- Aim of the exercise
Write the records out again exactly, leaving no images in.

- Input data
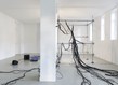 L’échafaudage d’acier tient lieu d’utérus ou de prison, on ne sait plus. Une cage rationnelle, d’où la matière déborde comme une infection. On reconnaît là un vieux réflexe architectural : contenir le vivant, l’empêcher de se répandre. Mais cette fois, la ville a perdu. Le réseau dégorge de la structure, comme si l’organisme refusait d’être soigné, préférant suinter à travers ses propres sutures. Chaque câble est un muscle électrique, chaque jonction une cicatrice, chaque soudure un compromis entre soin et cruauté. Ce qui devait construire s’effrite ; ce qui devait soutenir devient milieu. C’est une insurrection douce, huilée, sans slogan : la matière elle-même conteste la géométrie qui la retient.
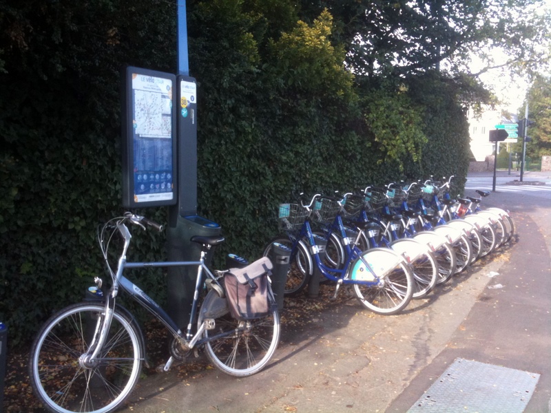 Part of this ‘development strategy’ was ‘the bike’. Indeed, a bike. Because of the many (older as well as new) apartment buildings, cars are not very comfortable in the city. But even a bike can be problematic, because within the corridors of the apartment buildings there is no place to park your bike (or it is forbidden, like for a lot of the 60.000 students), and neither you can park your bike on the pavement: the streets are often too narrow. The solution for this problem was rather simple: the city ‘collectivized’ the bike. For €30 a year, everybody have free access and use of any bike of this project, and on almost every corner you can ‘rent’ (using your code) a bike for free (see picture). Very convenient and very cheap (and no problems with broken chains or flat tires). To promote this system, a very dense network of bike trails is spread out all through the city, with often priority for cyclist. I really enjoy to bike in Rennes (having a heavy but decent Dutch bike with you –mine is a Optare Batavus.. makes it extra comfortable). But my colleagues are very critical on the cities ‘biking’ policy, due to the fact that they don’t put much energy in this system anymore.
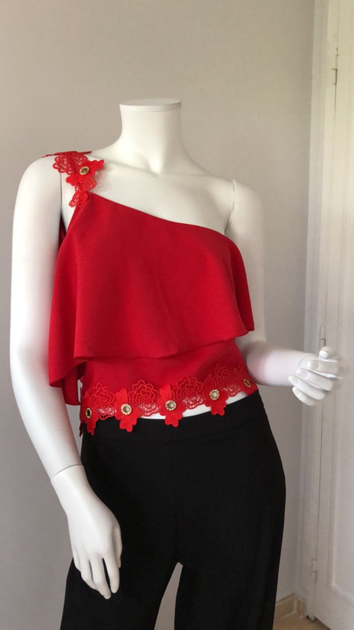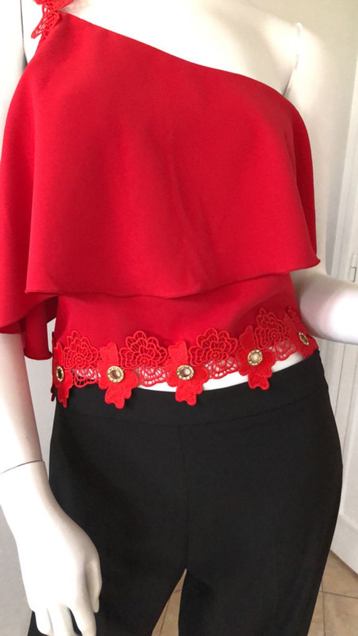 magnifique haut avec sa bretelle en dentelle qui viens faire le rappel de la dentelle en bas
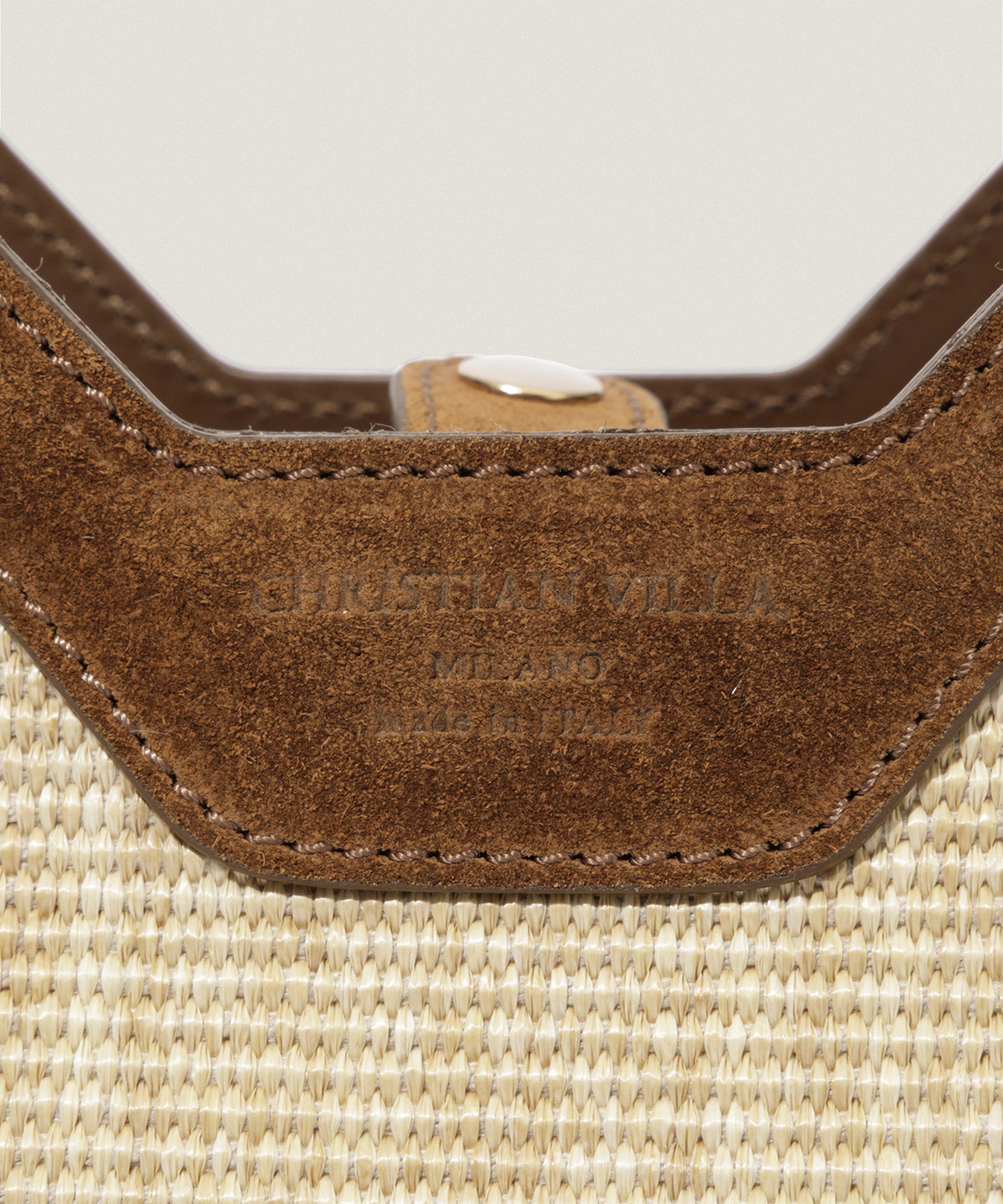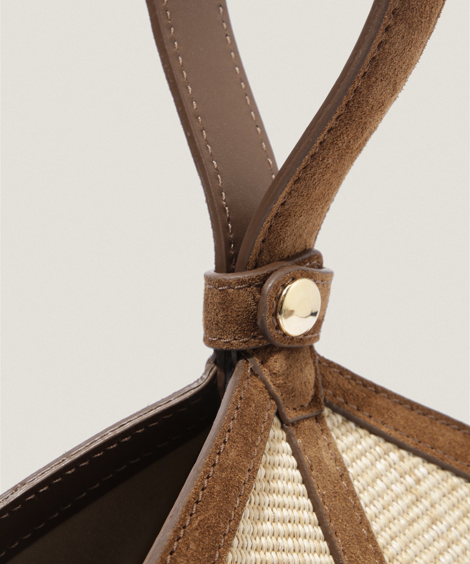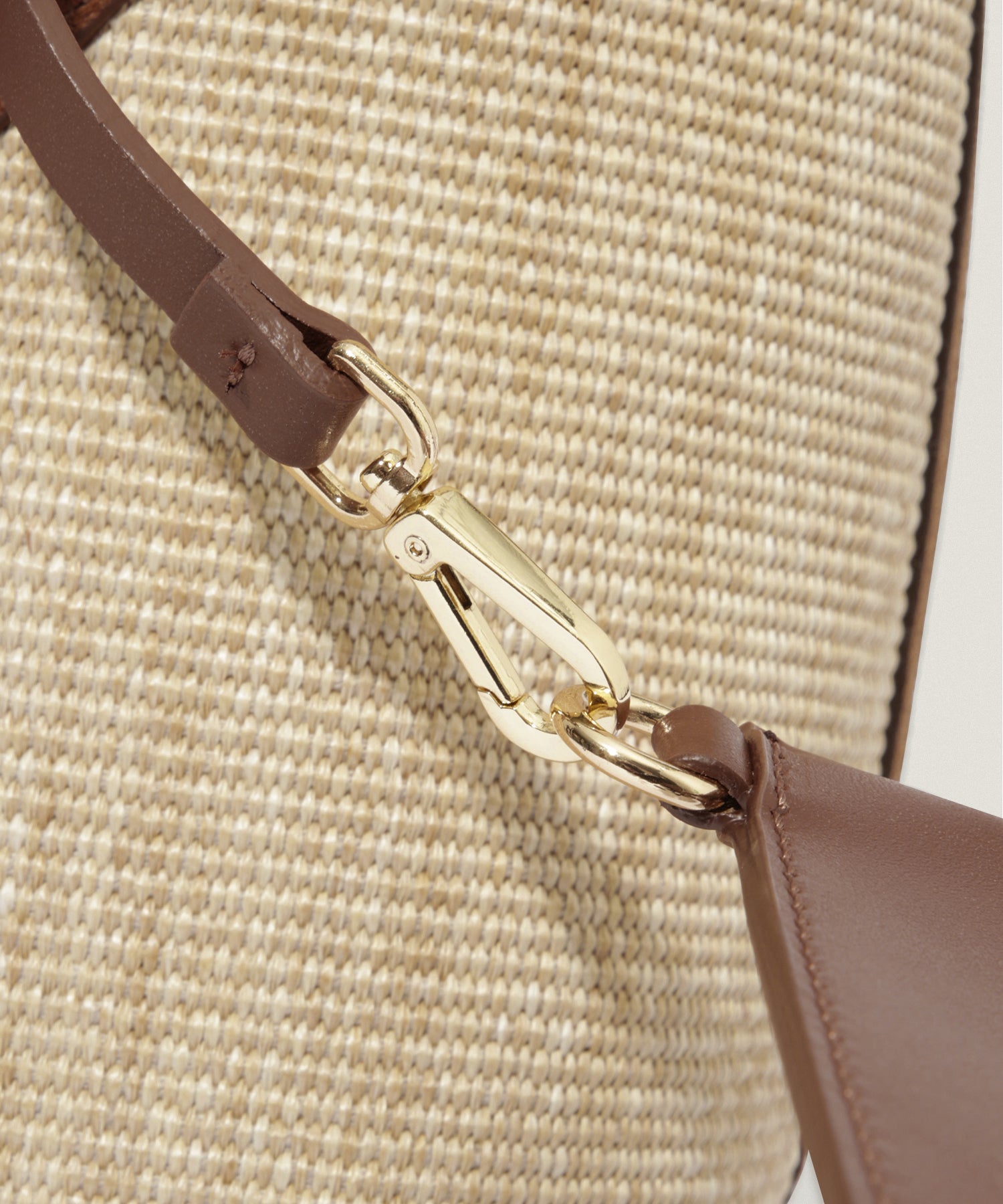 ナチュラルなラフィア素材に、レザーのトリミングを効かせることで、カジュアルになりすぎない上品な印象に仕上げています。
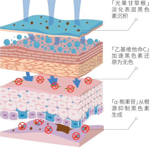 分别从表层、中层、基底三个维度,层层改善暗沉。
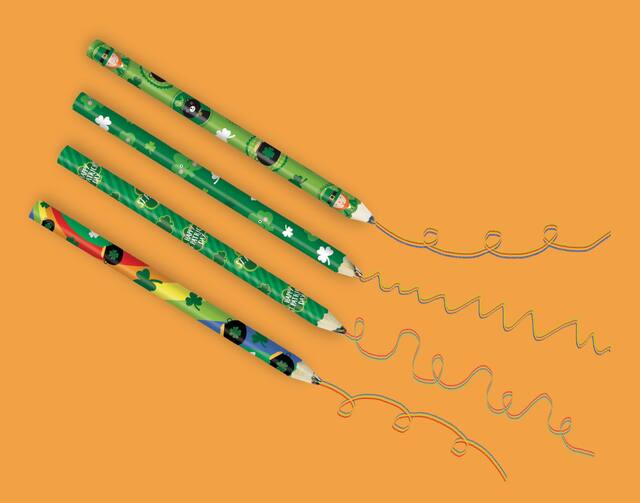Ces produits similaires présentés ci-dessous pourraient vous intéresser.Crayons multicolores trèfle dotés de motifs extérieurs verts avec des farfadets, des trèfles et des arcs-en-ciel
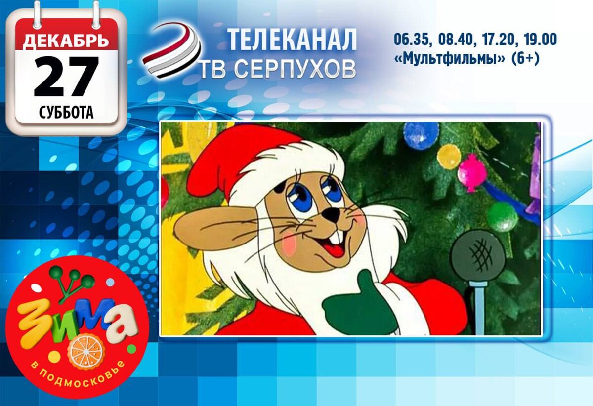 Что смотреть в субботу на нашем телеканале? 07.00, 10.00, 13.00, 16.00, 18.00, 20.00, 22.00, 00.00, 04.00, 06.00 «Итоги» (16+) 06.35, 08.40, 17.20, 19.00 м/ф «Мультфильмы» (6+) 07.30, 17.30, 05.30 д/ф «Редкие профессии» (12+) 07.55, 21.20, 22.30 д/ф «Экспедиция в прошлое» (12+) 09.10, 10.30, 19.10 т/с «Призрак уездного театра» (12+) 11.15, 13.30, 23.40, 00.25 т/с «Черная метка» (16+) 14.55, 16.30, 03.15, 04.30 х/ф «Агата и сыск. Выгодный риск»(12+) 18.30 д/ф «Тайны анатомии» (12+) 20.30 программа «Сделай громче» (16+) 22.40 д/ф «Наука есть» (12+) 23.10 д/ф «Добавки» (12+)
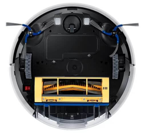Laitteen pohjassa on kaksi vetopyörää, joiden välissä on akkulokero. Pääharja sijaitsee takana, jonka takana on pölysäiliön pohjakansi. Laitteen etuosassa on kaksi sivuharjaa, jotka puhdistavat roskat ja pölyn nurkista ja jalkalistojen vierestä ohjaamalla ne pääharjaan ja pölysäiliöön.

- Answer for the task
 L’échafaudage d’acier tient lieu d’utérus ou de prison, on ne sait plus. Une cage rationnelle, d’où la matière déborde comme une infection. On reconnaît là un vieux réflexe architectural : contenir le vivant, l’empêcher de se répandre. Mais cette fois, la ville a perdu. Le réseau dégorge de la structure, comme si l’organisme refusait d’être soigné, préférant suinter à travers ses propres sutures. Chaque câble est un muscle électrique, chaque jonction une cicatrice, chaque soudure un compromis entre soin et cruauté. Ce qui devait construire s’effrite ; ce qui devait soutenir devient milieu. C’est une insurrection douce, huilée, sans slogan : la matière elle-même conteste la géométrie qui la retient.
 Part of this ‘development strategy’ was ‘the bike’. Indeed, a bike. Because of the many (older as well as new) apartment buildings, cars are not very comfortable in the city. But even a bike can be problematic, because within the corridors of the apartment buildings there is no place to park your bike (or it is forbidden, like for a lot of the 60.000 students), and neither you can park your bike on the pavement: the streets are often too narrow. The solution for this problem was rather simple: the city ‘collectivized’ the bike. For €30 a year, everybody have free access and use of any bike of this project, and on almost every corner you can ‘rent’ (using your code) a bike for free (see picture). Very convenient and very cheap (and no problems with broken chains or flat tires). To promote this system, a very dense network of bike trails is spread out all through the city, with often priority for cyclist. I really enjoy to bike in Rennes (having a heavy but decent Dutch bike with you –mine is a Optare Batavus.. makes it extra comfortable). But my colleagues are very critical on the cities ‘biking’ policy, due to the fact that they don’t put much energy in this system anymore.
 magnifique haut avec sa bretelle en dentelle qui viens faire le rappel de la dentelle en bas
 ナチュラルなラフィア素材に、レザーのトリミングを効かせることで、カジュアルになりすぎない上品な印象に仕上げています。
 分别从表层、中层、基底三个维度,层层改善暗沉。
Ces produits similaires présentés ci-dessous pourraient vous intéresser.Crayons multicolores trèfle dotés de motifs extérieurs verts avec des farfadets, des trèfles et des arcs-en-ciel
 Что смотреть в субботу на нашем телеканале? 07.00, 10.00, 13.00, 16.00, 18.00, 20.00, 22.00, 00.00, 04.00, 06.00 «Итоги» (16+) 06.35, 08.40, 17.20, 19.00 м/ф «Мультфильмы» (6+) 07.30, 17.30, 05.30 д/ф «Редкие профессии» (12+) 07.55, 21.20, 22.30 д/ф «Экспедиция в прошлое» (12+) 09.10, 10.30, 19.10 т/с «Призрак уездного театра» (12+) 11.15, 13.30, 23.40, 00.25 т/с «Черная метка» (16+) 14.55, 16.30, 03.15, 04.30 х/ф «Агата и сыск. Выгодный риск»(12+) 18.30 д/ф «Тайны анатомии» (12+) 20.30 программа «Сделай громче» (16+) 22.40 д/ф «Наука есть» (12+) 23.10 д/ф «Добавки» (12+)
Laitteen pohjassa on kaksi vetopyörää, joiden välissä on akkulokero. Pääharja sijaitsee takana, jonka takana on pölysäiliön pohjakansi. Laitteen etuosassa on kaksi sivuharjaa, jotka puhdistavat roskat ja pölyn nurkista ja jalkalistojen vierestä ohjaamalla ne pääharjaan ja pölysäiliöön.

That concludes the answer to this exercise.